▸ About this task: An exact copy of the entries below is required, with all pictures removed.

▶

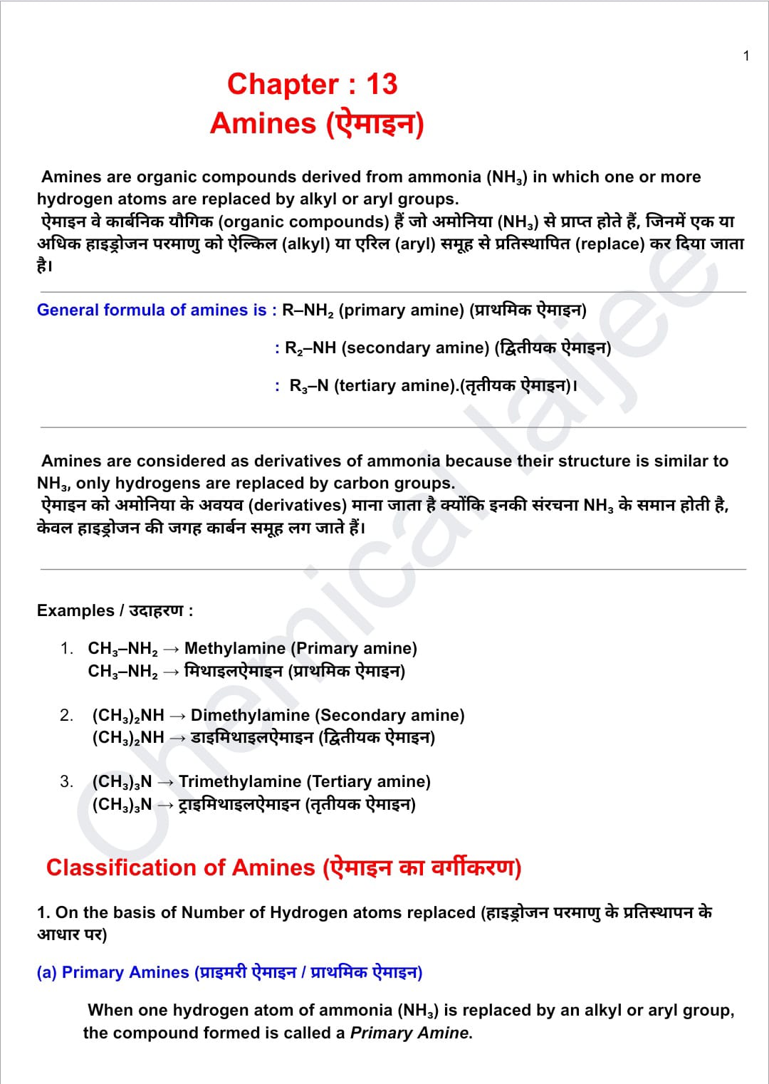 “Class 12 Chemistry Chapter: Amines notes with preparation, properties, important reactions & NCERT solutions – Instant PDF Download after payment.”
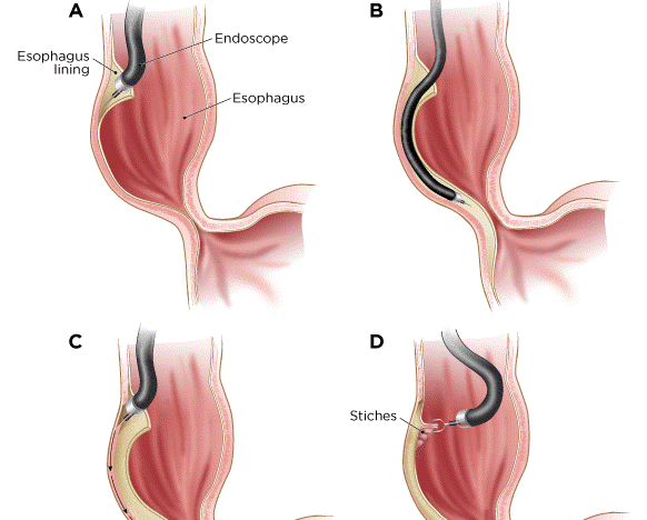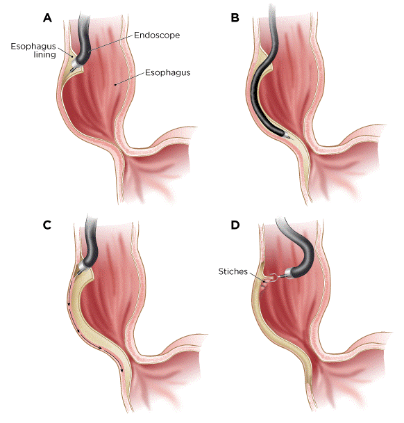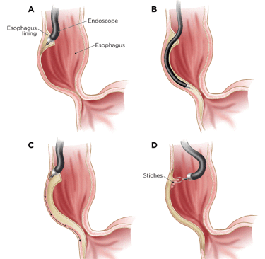 Técnicas endoscópicas de disección del tercer espacio (submucoso) para manejo de la acalasia y el divertículo de Zenker, que causan dificultad para tragar y regurgitación.
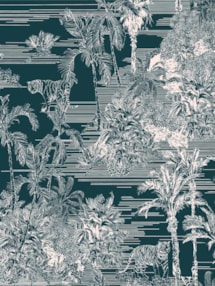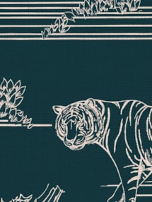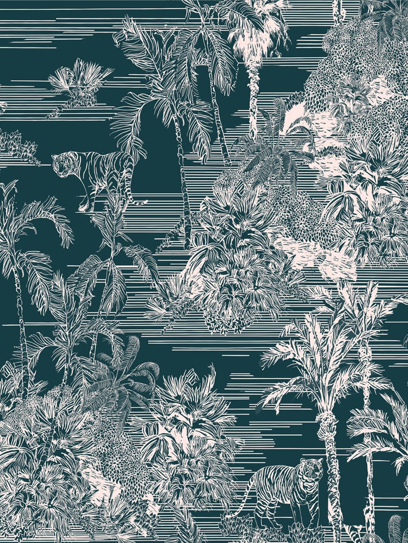 A beautiful background of rich teal is the perfect base for a modern take on toile de juoy that features beautiful tigers stalking through tropical foliage and palm trees. The contemporary colour palette gives a great twist to the classic feel of this wild design.
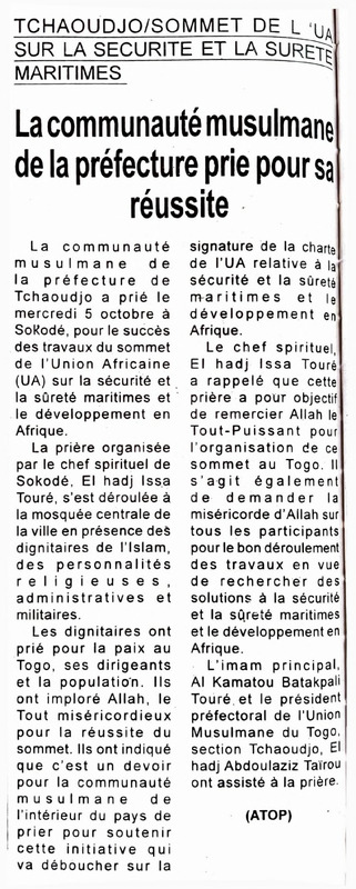 Tchaoudjo / sommet de l'UA sur la sécurité et la sûreté maritimes : la communauté musulmane de la préfecture prie pour sa réussite
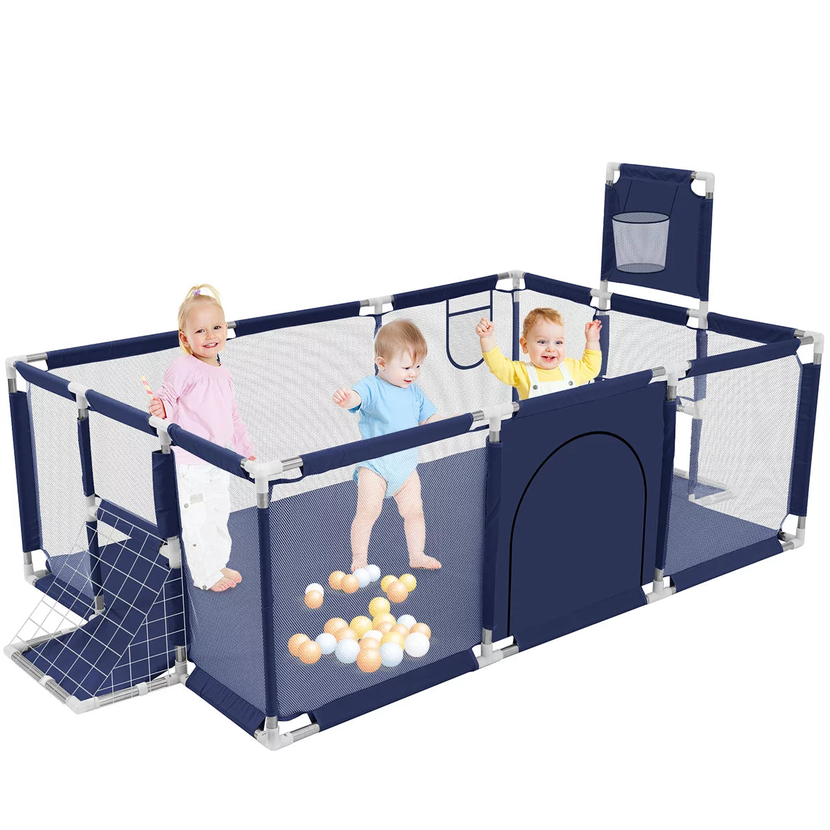 Baby Playpen,71 Inch Extra Large Baby Playard With Basketball Hoop and Breathable Mesh, Baby Play Fence for Indoors Outdoors
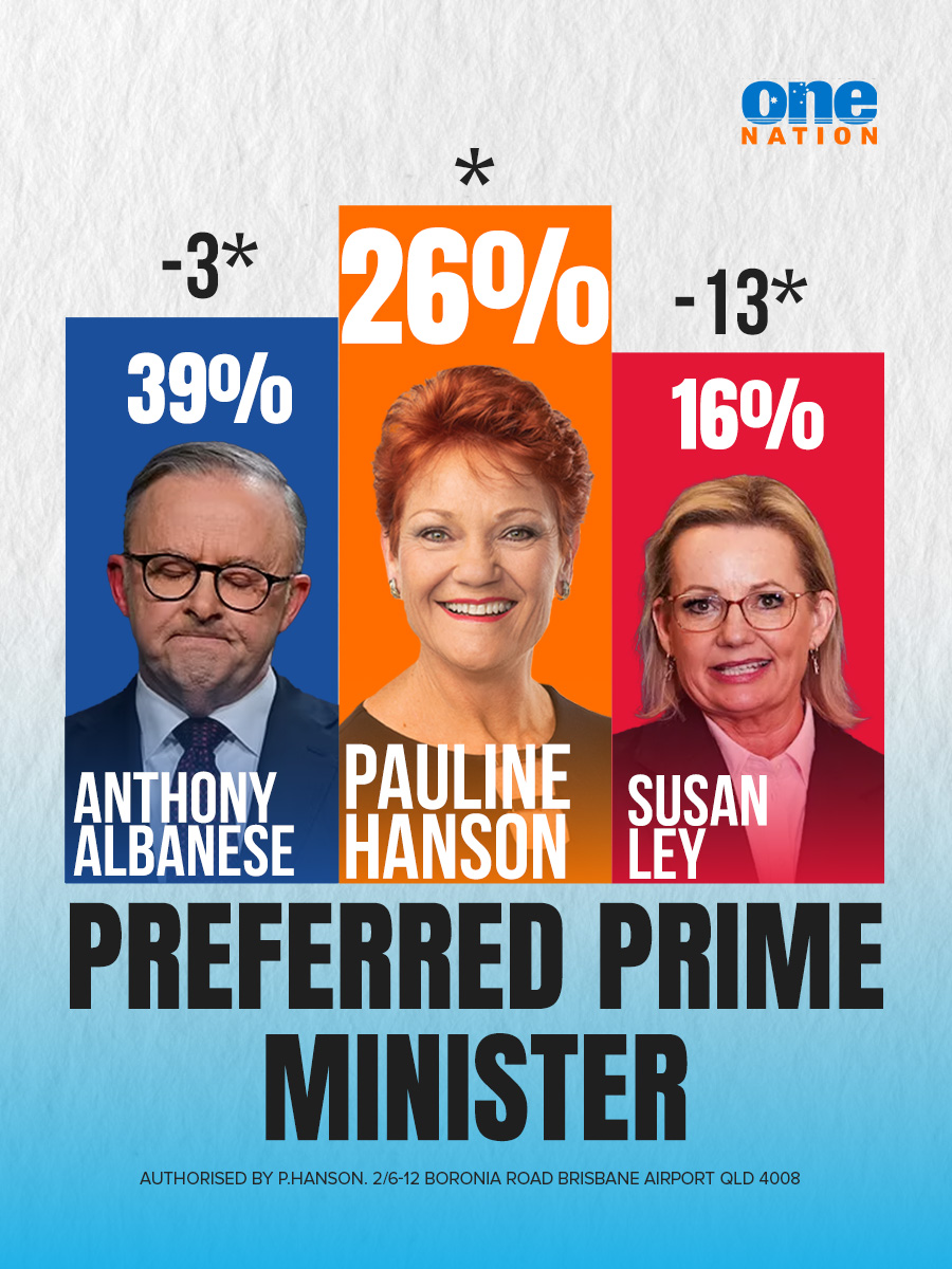 For the first time ever, Pauline Hanson has been included in the preferred Prime Minister ratings, and it’s a strong debut. Australians want one nation, united. They are tired of Labor’s division and grievance politics. Pauline Hanson has a plan to lower power prices, reduce taxes, and slash government waste.
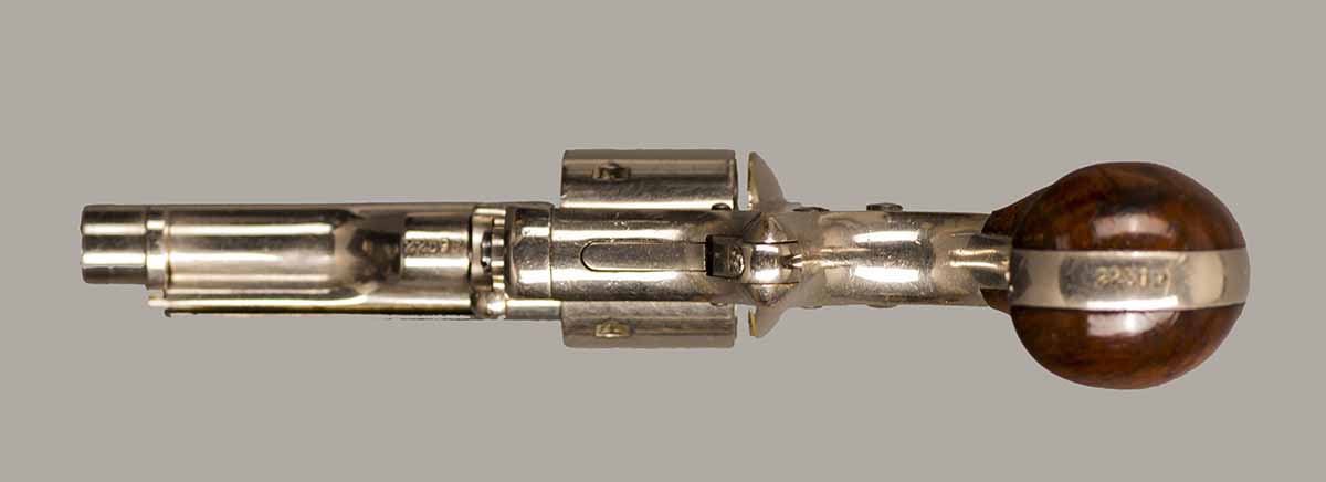 #2259P. Cal. 22 SH/L Rim Fire. 2-3/8" Barrel. 7 shot. Retains 99% of the original full nickel finish. Early "First Model" "WITH" integral ejector and "HIGH" hammer. Varnished walnut grips (Left grip has a hairline crack that is hardly noticable). First type of barrel address marking. Barrels were initially manufactured with or without integral ejctor, this design was discontinued in the serial range #3000 to #3500! Mechanically perfect, bore and cylinder chambers are as new. Matching serial numbers. Made in 1871, first year of production! Total quantity of 114.200. Rare gun in near mint condition.
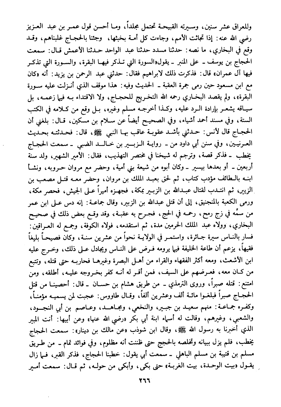 وللعراق عشر سنين وسيرته القبيحة تحتمل مجلدا وما أحسن قول عمر بن عبد العزيز رضي الله عنه إذا تجاثت الأمم وجاءت كل أمة بخبثها وجئنا بالحجاج غلبناهم وقد وقع في البخاري ما نصه حدثنا مسدد حدثنا عبد الواحد حدثنا الأعمش قال سمعت الحجاج بن يوسف على المنبر يقول السورة التي تذكر فيها البقرة والسورة التي تذكر فيها آل عمران قال فذكرت ذلك لإبراهيم فقال حدثني عبد الرحمن بن يزيد أنه كان مع ابن مسعود حين رمى جمرة العقبة الحديث وفيه هذا موقف الذي أنزلت عليه سورة البقرة ولم يقصد البخاري رحمه الله التخريج للحجاج ولا الاقتداء به فيما زعمه بل سياقه يشعر بإراداة الرد عليه وكذا أخرجه مسلم وغيره بل وقع من كلامه في الكتب الستة وفي مسند أحمد أشياء وفي الصحيح أيضا عن سلام بن مسكين قال بلغني أن الحجاج قال لأنس حدثني بأشد عقوبة عاقب بها النبي صلى الله عليه وسلم قال فحدثته بحديث العرنيين وفي سنن أبي داود من رواية الزبير بن خالد الضبي سمعت الحجاج يخطب فذكر قصة وترجم له شيخنا في مختصر التهذيب فقال الأمير الشهير ولد سنة أربعين أو بعدها بيسير وكان أبوه من شيعة بني أمية وحضر مع مروان حروبه ونشأ ابنه بالطائف مؤدب كتاب ثم لحق بعبد الملك بن مروان وحضر معه قتل مصعب بن الزبير ثم انتدب لقتال عبد الله بن الزبير بمكة فجهزه أميرا على الجيش فحصر مكة ورمى الكعبة بالمنجنيق إلى أن قتل عبد الله بن الزبير وقال جماعة إنه دس على ابن عمر من سمه في زج رمح رحمه في الحج فجرح به عقبه وقد وقع بعض ذلك في صحيح البخاري وولاه عبد الملك الحرمين مدة ثم استقدمه فولاه الكوفة وجمع له العراقين فسار بالناس سيرة جائرة واستمر في الولاية نحوا من عشرين سنة وكان فصيحا بليغا فقيها يزعم أن طاعة الخليفة فيما يرومه فرض على الناس ويجادل على ذلك وخرج عليه ابن الأشعث ومعه أكثر الفقهاء والقراء من أهل البصرة وغيرها فحاربه حتى قتله وتتبع من كان معه فعرضهم على السيف فمن أقر له أنه كفر بخروجه عليه أطلقه ومن امتنع قتله صبرا وروى الترمذي من طريق هشام بن حسان قال أحصينا من قتل الحجاج صبرا فبلغوه مائة ألف وعشرين ألفا وقال طاووس عجبت لمن يسميه مؤمنا وكفره جماعة منهم سعيد بن جبير والنخعي ومجاهد وعاصم بن أبي النجود والشعبي وغيرهم وقالت له أسماء ابنة أبي بكر رضي الله عنها وعن أبيها أنت المبير الذي أخبرنا به رسول الله صلى الله عليه وسلم وقال ابن شوذب عن مالك بن دينار سمعت الحجاج يخطب فلم يزل ببيانه وتخلصه بالحجج حتى ظننت أنه مظلوم وفي فوائد تمام من طريق مسلم بن قتيبة بن مسلم الباهلي سمعت أبي يقول خطبنا الحجاج فذكر القبر فما زال يقول بيت الوحدة بيت الغربة حتى بكىى وأبكى من حوله ثم قال سمعت أمير
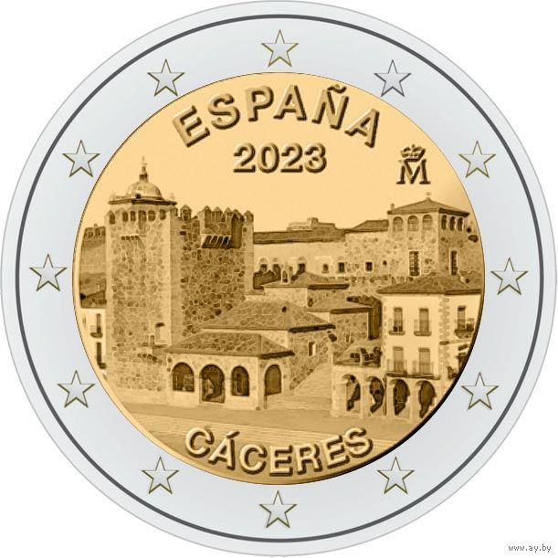 2 Евро Испания 2023 Касерес - наследие ЮНЕСКО UNC из ролла
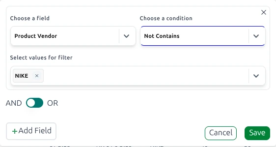 The Not Contains filter helps you instantly narrow your data by excluding specific keywords — perfect for focusing on other brands, collections, or product types without manual sorting.

◀

▸ Exercise solution:
 “Class 12 Chemistry Chapter: Amines notes with preparation, properties, important reactions & NCERT solutions – Instant PDF Download after payment.”
 Técnicas endoscópicas de disección del tercer espacio (submucoso) para manejo de la acalasia y el divertículo de Zenker, que causan dificultad para tragar y regurgitación.
 A beautiful background of rich teal is the perfect base for a modern take on toile de juoy that features beautiful tigers stalking through tropical foliage and palm trees. The contemporary colour palette gives a great twist to the classic feel of this wild design.
 Tchaoudjo / sommet de l'UA sur la sécurité et la sûreté maritimes : la communauté musulmane de la préfecture prie pour sa réussite
 Baby Playpen,71 Inch Extra Large Baby Playard With Basketball Hoop and Breathable Mesh, Baby Play Fence for Indoors Outdoors
 For the first time ever, Pauline Hanson has been included in the preferred Prime Minister ratings, and it’s a strong debut. Australians want one nation, united. They are tired of Labor’s division and grievance politics. Pauline Hanson has a plan to lower power prices, reduce taxes, and slash government waste.
 #2259P. Cal. 22 SH/L Rim Fire. 2-3/8" Barrel. 7 shot. Retains 99% of the original full nickel finish. Early "First Model" "WITH" integral ejector and "HIGH" hammer. Varnished walnut grips (Left grip has a hairline crack that is hardly noticable). First type of barrel address marking. Barrels were initially manufactured with or without integral ejctor, this design was discontinued in the serial range #3000 to #3500! Mechanically perfect, bore and cylinder chambers are as new. Matching serial numbers. Made in 1871, first year of production! Total quantity of 114.200. Rare gun in near mint condition.
 وللعراق عشر سنين وسيرته القبيحة تحتمل مجلدا وما أحسن قول عمر بن عبد العزيز رضي الله عنه إذا تجاثت الأمم وجاءت كل أمة بخبثها وجئنا بالحجاج غلبناهم وقد وقع في البخاري ما نصه حدثنا مسدد حدثنا عبد الواحد حدثنا الأعمش قال سمعت الحجاج بن يوسف على المنبر يقول السورة التي تذكر فيها البقرة والسورة التي تذكر فيها آل عمران قال فذكرت ذلك لإبراهيم فقال حدثني عبد الرحمن بن يزيد أنه كان مع ابن مسعود حين رمى جمرة العقبة الحديث وفيه هذا موقف الذي أنزلت عليه سورة البقرة ولم يقصد البخاري رحمه الله التخريج للحجاج ولا الاقتداء به فيما زعمه بل سياقه يشعر بإراداة الرد عليه وكذا أخرجه مسلم وغيره بل وقع من كلامه في الكتب الستة وفي مسند أحمد أشياء وفي الصحيح أيضا عن سلام بن مسكين قال بلغني أن الحجاج قال لأنس حدثني بأشد عقوبة عاقب بها النبي صلى الله عليه وسلم قال فحدثته بحديث العرنيين وفي سنن أبي داود من رواية الزبير بن خالد الضبي سمعت الحجاج يخطب فذكر قصة وترجم له شيخنا في مختصر التهذيب فقال الأمير الشهير ولد سنة أربعين أو بعدها بيسير وكان أبوه من شيعة بني أمية وحضر مع مروان حروبه ونشأ ابنه بالطائف مؤدب كتاب ثم لحق بعبد الملك بن مروان وحضر معه قتل مصعب بن الزبير ثم انتدب لقتال عبد الله بن الزبير بمكة فجهزه أميرا على الجيش فحصر مكة ورمى الكعبة بالمنجنيق إلى أن قتل عبد الله بن الزبير وقال جماعة إنه دس على ابن عمر من سمه في زج رمح رحمه في الحج فجرح به عقبه وقد وقع بعض ذلك في صحيح البخاري وولاه عبد الملك الحرمين مدة ثم استقدمه فولاه الكوفة وجمع له العراقين فسار بالناس سيرة جائرة واستمر في الولاية نحوا من عشرين سنة وكان فصيحا بليغا فقيها يزعم أن طاعة الخليفة فيما يرومه فرض على الناس ويجادل على ذلك وخرج عليه ابن الأشعث ومعه أكثر الفقهاء والقراء من أهل البصرة وغيرها فحاربه حتى قتله وتتبع من كان معه فعرضهم على السيف فمن أقر له أنه كفر بخروجه عليه أطلقه ومن امتنع قتله صبرا وروى الترمذي من طريق هشام بن حسان قال أحصينا من قتل الحجاج صبرا فبلغوه مائة ألف وعشرين ألفا وقال طاووس عجبت لمن يسميه مؤمنا وكفره جماعة منهم سعيد بن جبير والنخعي ومجاهد وعاصم بن أبي النجود والشعبي وغيرهم وقالت له أسماء ابنة أبي بكر رضي الله عنها وعن أبيها أنت المبير الذي أخبرنا به رسول الله صلى الله عليه وسلم وقال ابن شوذب عن مالك بن دينار سمعت الحجاج يخطب فلم يزل ببيانه وتخلصه بالحجج حتى ظننت أنه مظلوم وفي فوائد تمام من طريق مسلم بن قتيبة بن مسلم الباهلي سمعت أبي يقول خطبنا الحجاج فذكر القبر فما زال يقول بيت الوحدة بيت الغربة حتى بكىى وأبكى من حوله ثم قال سمعت أمير
 2 Евро Испания 2023 Касерес - наследие ЮНЕСКО UNC из ролла
 The Not Contains filter helps you instantly narrow your data by excluding specific keywords — perfect for focusing on other brands, collections, or product types without manual sorting.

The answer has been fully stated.